Saved entries

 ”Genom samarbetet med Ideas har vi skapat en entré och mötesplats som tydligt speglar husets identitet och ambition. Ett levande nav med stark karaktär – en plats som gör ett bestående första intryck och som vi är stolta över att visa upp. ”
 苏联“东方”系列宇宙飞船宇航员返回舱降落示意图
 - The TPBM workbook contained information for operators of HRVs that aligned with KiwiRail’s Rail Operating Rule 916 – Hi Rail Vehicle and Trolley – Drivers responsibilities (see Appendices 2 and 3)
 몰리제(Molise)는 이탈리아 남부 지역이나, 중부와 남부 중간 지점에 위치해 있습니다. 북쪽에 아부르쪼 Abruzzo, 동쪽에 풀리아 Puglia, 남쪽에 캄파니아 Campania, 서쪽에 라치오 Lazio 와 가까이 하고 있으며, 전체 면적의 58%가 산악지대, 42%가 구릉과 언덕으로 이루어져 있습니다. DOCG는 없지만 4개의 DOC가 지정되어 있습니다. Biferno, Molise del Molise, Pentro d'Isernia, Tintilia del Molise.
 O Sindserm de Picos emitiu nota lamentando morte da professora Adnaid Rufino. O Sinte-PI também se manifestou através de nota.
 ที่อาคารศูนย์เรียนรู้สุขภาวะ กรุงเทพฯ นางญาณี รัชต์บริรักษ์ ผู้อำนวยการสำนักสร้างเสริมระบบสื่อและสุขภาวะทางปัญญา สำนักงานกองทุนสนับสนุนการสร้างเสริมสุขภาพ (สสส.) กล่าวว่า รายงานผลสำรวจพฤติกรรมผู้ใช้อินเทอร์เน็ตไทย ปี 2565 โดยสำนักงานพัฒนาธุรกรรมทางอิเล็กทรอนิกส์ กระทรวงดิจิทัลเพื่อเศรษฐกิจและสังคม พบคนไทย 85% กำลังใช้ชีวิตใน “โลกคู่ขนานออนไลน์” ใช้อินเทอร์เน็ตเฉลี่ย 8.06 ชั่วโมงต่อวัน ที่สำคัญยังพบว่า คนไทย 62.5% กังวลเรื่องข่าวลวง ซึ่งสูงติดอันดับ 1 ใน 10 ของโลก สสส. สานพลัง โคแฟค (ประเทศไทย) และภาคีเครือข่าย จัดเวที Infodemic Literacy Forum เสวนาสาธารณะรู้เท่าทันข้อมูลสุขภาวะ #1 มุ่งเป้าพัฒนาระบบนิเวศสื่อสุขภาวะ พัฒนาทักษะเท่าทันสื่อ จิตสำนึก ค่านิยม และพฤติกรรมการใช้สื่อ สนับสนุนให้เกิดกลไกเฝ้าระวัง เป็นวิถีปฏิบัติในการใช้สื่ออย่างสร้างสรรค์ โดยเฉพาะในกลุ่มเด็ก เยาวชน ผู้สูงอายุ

**Exercise objective**
Repeat the data exactly, with every line included.

**Exercise result**
 ”Genom samarbetet med Ideas har vi skapat en entré och mötesplats som tydligt speglar husets identitet och ambition. Ett levande nav med stark karaktär – en plats som gör ett bestående första intryck och som vi är stolta över att visa upp. ”
 苏联“东方”系列宇宙飞船宇航员返回舱降落示意图
 - The TPBM workbook contained information for operators of HRVs that aligned with KiwiRail’s Rail Operating Rule 916 – Hi Rail Vehicle and Trolley – Drivers responsibilities (see Appendices 2 and 3)
 몰리제(Molise)는 이탈리아 남부 지역이나, 중부와 남부 중간 지점에 위치해 있습니다. 북쪽에 아부르쪼 Abruzzo, 동쪽에 풀리아 Puglia, 남쪽에 캄파니아 Campania, 서쪽에 라치오 Lazio 와 가까이 하고 있으며, 전체 면적의 58%가 산악지대, 42%가 구릉과 언덕으로 이루어져 있습니다. DOCG는 없지만 4개의 DOC가 지정되어 있습니다. Biferno, Molise del Molise, Pentro d'Isernia, Tintilia del Molise.
 O Sindserm de Picos emitiu nota lamentando morte da professora Adnaid Rufino. O Sinte-PI também se manifestou através de nota.
 ที่อาคารศูนย์เรียนรู้สุขภาวะ กรุงเทพฯ นางญาณี รัชต์บริรักษ์ ผู้อำนวยการสำนักสร้างเสริมระบบสื่อและสุขภาวะทางปัญญา สำนักงานกองทุนสนับสนุนการสร้างเสริมสุขภาพ (สสส.) กล่าวว่า รายงานผลสำรวจพฤติกรรมผู้ใช้อินเทอร์เน็ตไทย ปี 2565 โดยสำนักงานพัฒนาธุรกรรมทางอิเล็กทรอนิกส์ กระทรวงดิจิทัลเพื่อเศรษฐกิจและสังคม พบคนไทย 85% กำลังใช้ชีวิตใน “โลกคู่ขนานออนไลน์” ใช้อินเทอร์เน็ตเฉลี่ย 8.06 ชั่วโมงต่อวัน ที่สำคัญยังพบว่า คนไทย 62.5% กังวลเรื่องข่าวลวง ซึ่งสูงติดอันดับ 1 ใน 10 ของโลก สสส. สานพลัง โคแฟค (ประเทศไทย) และภาคีเครือข่าย จัดเวที Infodemic Literacy Forum เสวนาสาธารณะรู้เท่าทันข้อมูลสุขภาวะ #1 มุ่งเป้าพัฒนาระบบนิเวศสื่อสุขภาวะ พัฒนาทักษะเท่าทันสื่อ จิตสำนึก ค่านิยม และพฤติกรรมการใช้สื่อ สนับสนุนให้เกิดกลไกเฝ้าระวัง เป็นวิถีปฏิบัติในการใช้สื่ออย่างสร้างสรรค์ โดยเฉพาะในกลุ่มเด็ก เยาวชน ผู้สูงอายุ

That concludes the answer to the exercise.